(Beginning of MATERIAL PROVIDED)

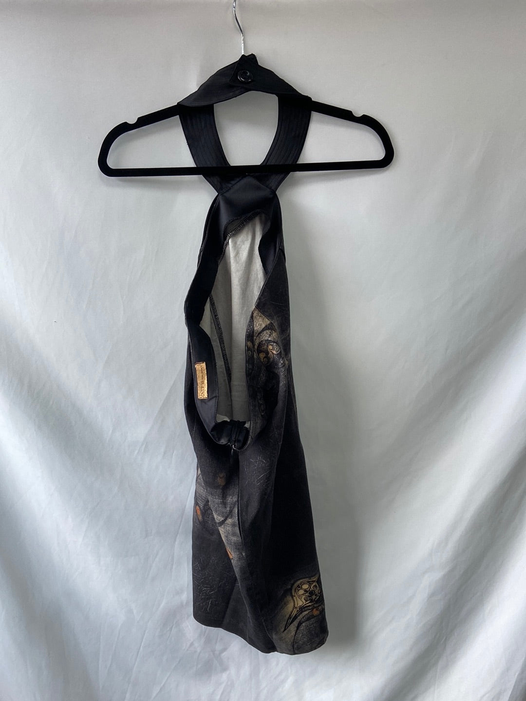 Stretchy gray dress with back zipper. Tied at the neck and open back. 97 cm long.
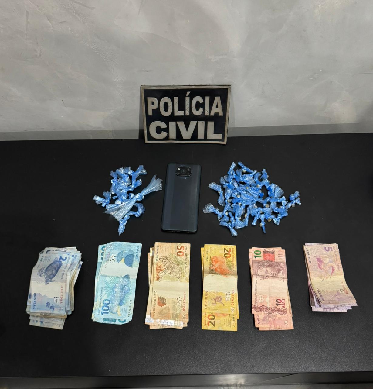 No interior do imóvel, foram apreendidas 11 trouxinhas de cocaína, pesando 4,64 gramas, e 44 trouxinhas de crack, pesando 17,1 gramas. Com o suspeito também foram encontrados R$ 1.061,00 em diversas notas, característicos da atividade de microtráfico, além de um aparelho celular.
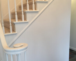 Wyoming Valley Painting refreshed this Kingston home with a professional interior painting project that brightened both the main living area and staircase, using light, neutral wall colors and crisp white accents to create a clean, airy atmosphere. The updated spaces showcase smooth, even finishes and meticulous attention to detail, with the staircase’s white walls and railing enhancing natural light and the living area’s soft tones complementing the home’s classic architectural features. This transformation reflects Kingston’s blend of historic charm and modern design trends, where warm neutrals and nature-inspired palettes are favored for their ability to foster comfort, openness, and timeless appeal in local homes.
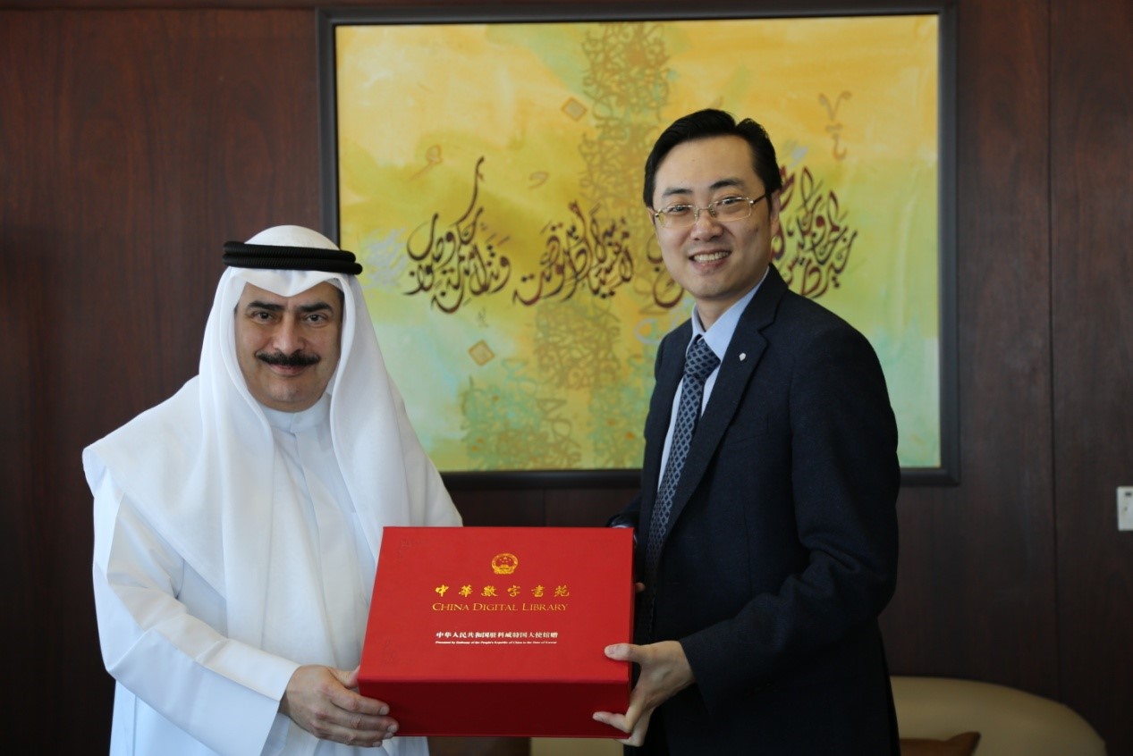 1121日,駐科威特使館向科威特國家圖書館贈送電子圖書。駐科威特使館臨時(shí)代辦趙亮、科威特國家圖書館館長卡米勒出席贈書儀式。

(End of MATERIAL PROVIDED)

» REQUIRED ACTION
Retype the whole listing exactly. Do not include the pictures.

» RESULT FOR THIS EXERCISE
 Stretchy gray dress with back zipper. Tied at the neck and open back. 97 cm long.
 No interior do imóvel, foram apreendidas 11 trouxinhas de cocaína, pesando 4,64 gramas, e 44 trouxinhas de crack, pesando 17,1 gramas. Com o suspeito também foram encontrados R$ 1.061,00 em diversas notas, característicos da atividade de microtráfico, além de um aparelho celular.
 Wyoming Valley Painting refreshed this Kingston home with a professional interior painting project that brightened both the main living area and staircase, using light, neutral wall colors and crisp white accents to create a clean, airy atmosphere. The updated spaces showcase smooth, even finishes and meticulous attention to detail, with the staircase’s white walls and railing enhancing natural light and the living area’s soft tones complementing the home’s classic architectural features. This transformation reflects Kingston’s blend of historic charm and modern design trends, where warm neutrals and nature-inspired palettes are favored for their ability to foster comfort, openness, and timeless appeal in local homes.
 1121日,駐科威特使館向科威特國家圖書館贈送電子圖書。駐科威特使館臨時(shí)代辦趙亮、科威特國家圖書館館長卡米勒出席贈書儀式。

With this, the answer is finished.